─── Given data ───

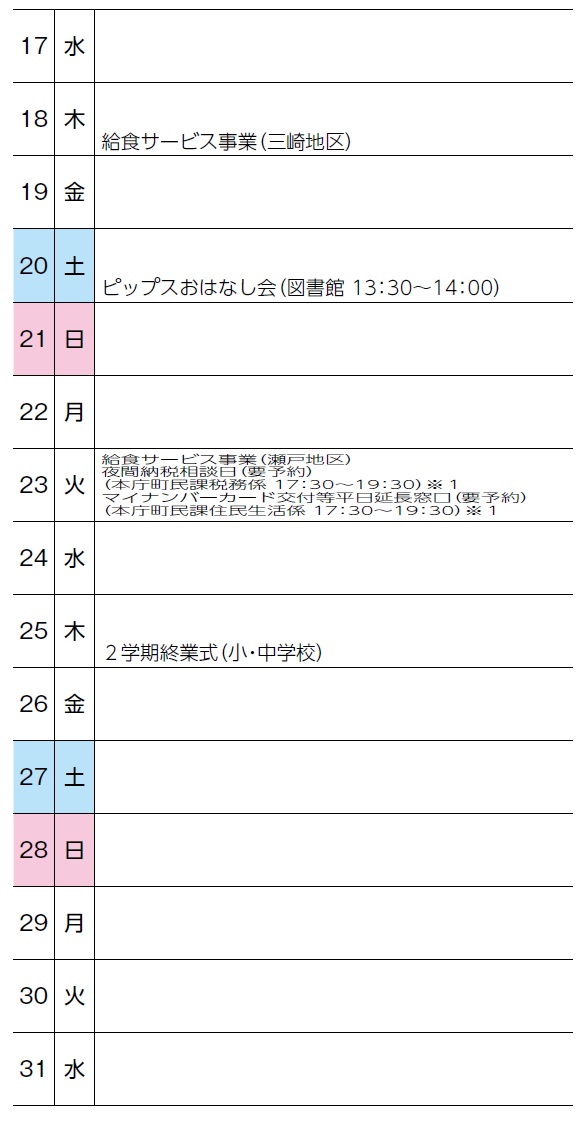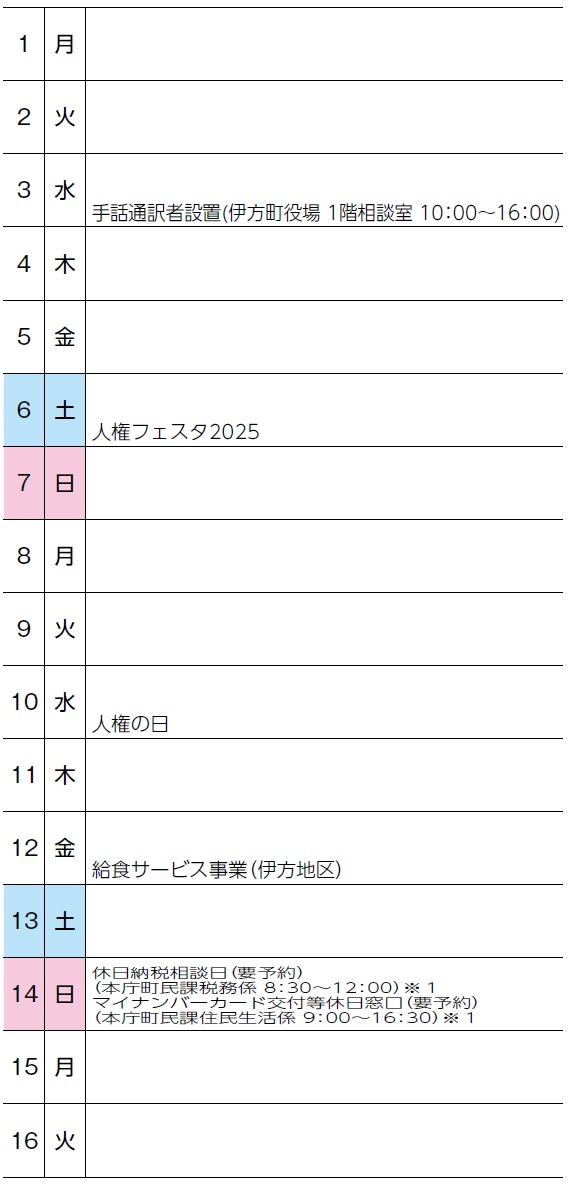 くらし 12月くらしのカレンダー 14/37 前の記事 次の記事 発行日 : 2025年11月26日 自治体名 : 愛媛県伊方町 広報紙名 : 広報いかた 2025年12月号 ※1 開設は本庁のみです。開設日の3日前(土日祝日を除く)までに電話でご予約ください。 納税相談予約【電話】38-2650 マイナンバーカード交付等予約【電話】38-2653 Tweet シェアする IKATA Information-町からのお知らせ 募集・お知らせ 12月3日~9日は障害者週間です
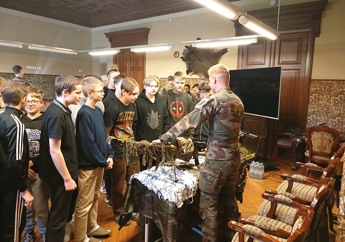 Snaiperi varustus pakkus huvi eelkõige noormeestele. FOTO: TIINA SÄÄLIK Teisipäeval toimus Puurmani mõisakoolis 7.–9. klassi õpilaste kohtumine lähedal Kirnal paikneva Prantsusmaa armee üksuse liikmetega. Kohal oli kümmekond langevarjurite üksuse sõdurit, kes tutvustasid oma varustust ja tegevusi. TIINA SÄÄLIK Kooli ja prantslaste kontaktid said alguse sellest, et viimased tundsid huvi, kas neil oleks võimalik kasutada sportimiseks…
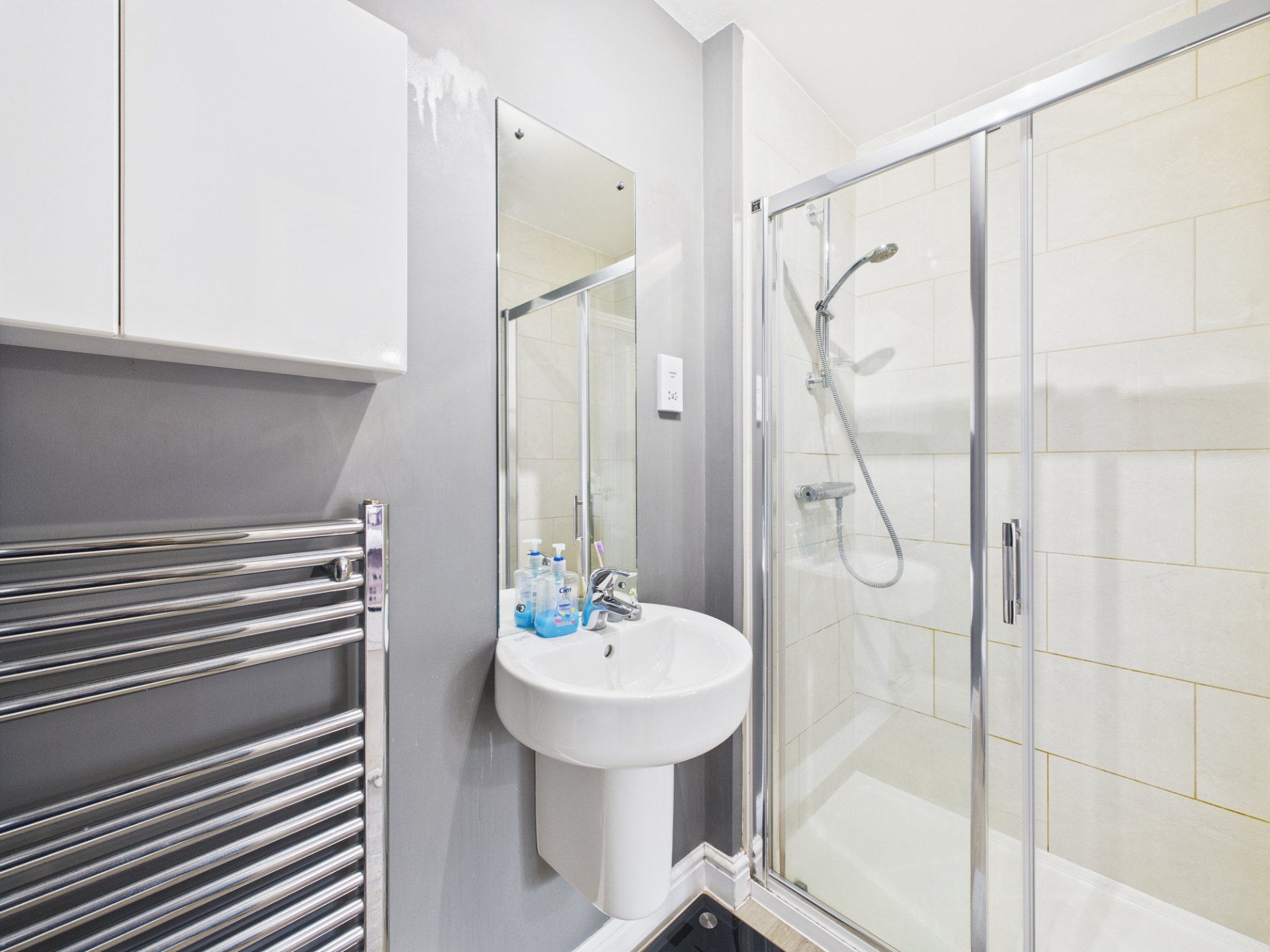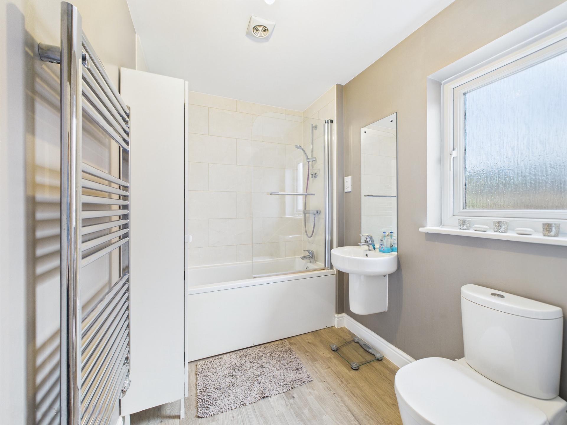 Obscure double glazed window to side elevation. Bath with shower over. Low level WC. Wash hand basin. Cupboard housing pressurised hot water cylinder. Ladder style radiator.
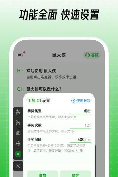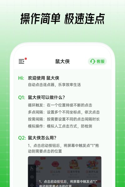 鼠大侠连点器还有自定义开关、识图辅助这些挺实用的功能,能覆盖各种自动化场景。感觉开发者是在简单高效的基础上,一直在加新东西,想给用户最好的体验。如果你平时有自动化操作或者连点这方面的需求,可以下来试试,鼠大侠绝对能满足你。
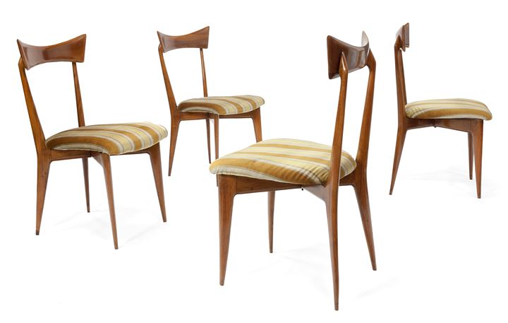 PARISI ICO Quattro sedie in legno d'acero tinto e rivestimento in tessuto...
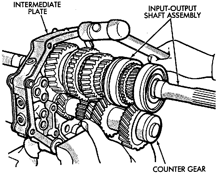 9. Tap intermediate plate with plastic mallet and pull output shaft-counter gear assemblies out of plate.
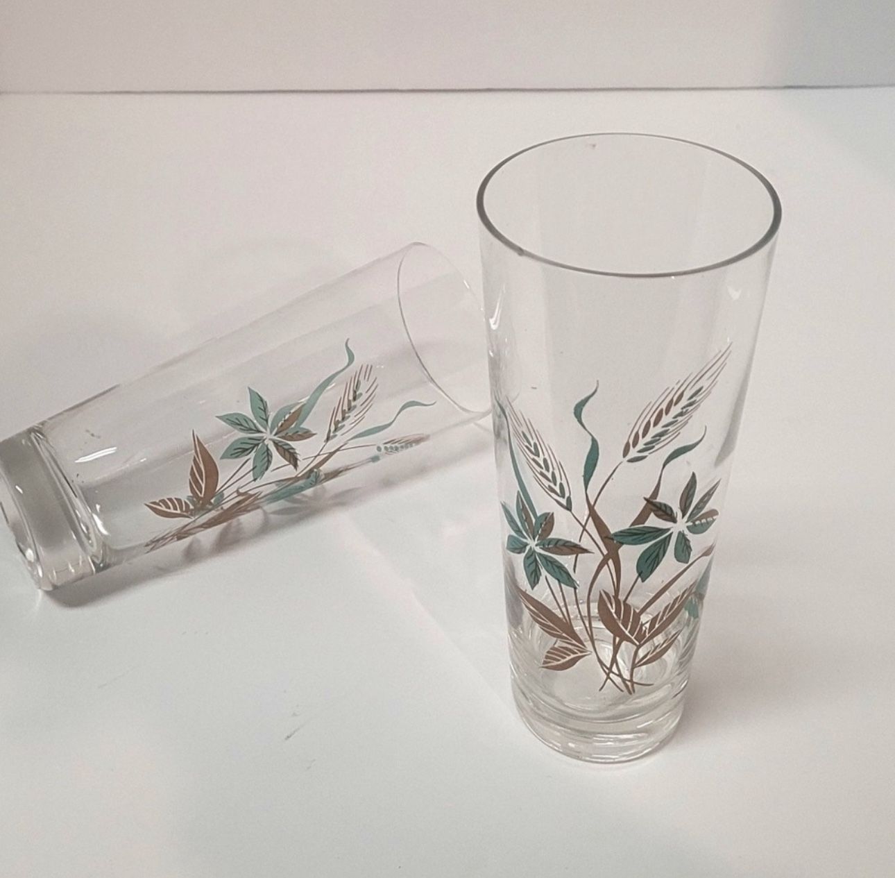 This is a very hard to find pattern called Canadian Wheat produced by Georgian China, a Canadian Company, from 1(contact info removed)'s. They were made to compliment the Mid-Century dish ware of the same pattern. These are two highballs or tumblers with a floral pattern of aqua/turquoise flowers with brown wheat on clear glass. The condition is very good with no scratches or loss of color. They measure approx. 5 1/2" tall X 2 3/4" diameter at the top. These are a great mid-century addition to your home bar or vintage glass collection. Thanks for looking!
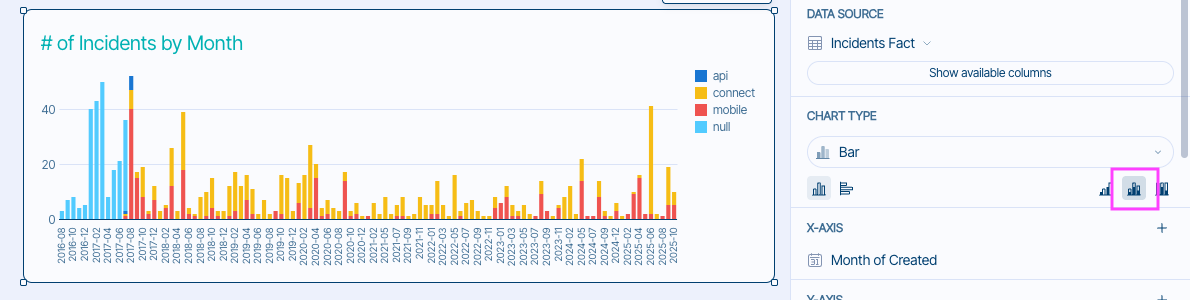 To start, we'll use the Incidents Fact as our data source, which will make the incidents columns available from our graph.
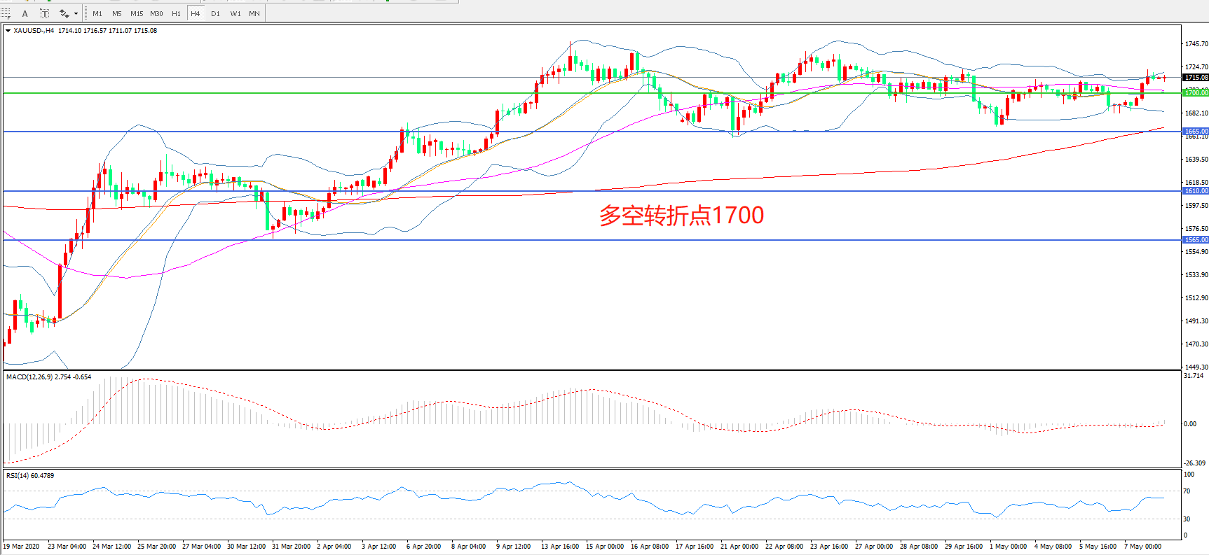 多空转折点:1700.00

───

- [Exercise description]: A word-for-word restatement of all the lines above is needed, with the pictures omitted.

- [Result of the exercise]:
 くらし 12月くらしのカレンダー 14/37 前の記事 次の記事 発行日 : 2025年11月26日 自治体名 : 愛媛県伊方町 広報紙名 : 広報いかた 2025年12月号 ※1 開設は本庁のみです。開設日の3日前(土日祝日を除く)までに電話でご予約ください。 納税相談予約【電話】38-2650 マイナンバーカード交付等予約【電話】38-2653 Tweet シェアする IKATA Information-町からのお知らせ 募集・お知らせ 12月3日~9日は障害者週間です
 Snaiperi varustus pakkus huvi eelkõige noormeestele. FOTO: TIINA SÄÄLIK Teisipäeval toimus Puurmani mõisakoolis 7.–9. klassi õpilaste kohtumine lähedal Kirnal paikneva Prantsusmaa armee üksuse liikmetega. Kohal oli kümmekond langevarjurite üksuse sõdurit, kes tutvustasid oma varustust ja tegevusi. TIINA SÄÄLIK Kooli ja prantslaste kontaktid said alguse sellest, et viimased tundsid huvi, kas neil oleks võimalik kasutada sportimiseks…
 Obscure double glazed window to side elevation. Bath with shower over. Low level WC. Wash hand basin. Cupboard housing pressurised hot water cylinder. Ladder style radiator.
 鼠大侠连点器还有自定义开关、识图辅助这些挺实用的功能,能覆盖各种自动化场景。感觉开发者是在简单高效的基础上,一直在加新东西,想给用户最好的体验。如果你平时有自动化操作或者连点这方面的需求,可以下来试试,鼠大侠绝对能满足你。
 PARISI ICO Quattro sedie in legno d'acero tinto e rivestimento in tessuto...
 9. Tap intermediate plate with plastic mallet and pull output shaft-counter gear assemblies out of plate.
 This is a very hard to find pattern called Canadian Wheat produced by Georgian China, a Canadian Company, from 1(contact info removed)'s. They were made to compliment the Mid-Century dish ware of the same pattern. These are two highballs or tumblers with a floral pattern of aqua/turquoise flowers with brown wheat on clear glass. The condition is very good with no scratches or loss of color. They measure approx. 5 1/2" tall X 2 3/4" diameter at the top. These are a great mid-century addition to your home bar or vintage glass collection. Thanks for looking!
 To start, we'll use the Incidents Fact as our data source, which will make the incidents columns available from our graph.
 多空转折点:1700.00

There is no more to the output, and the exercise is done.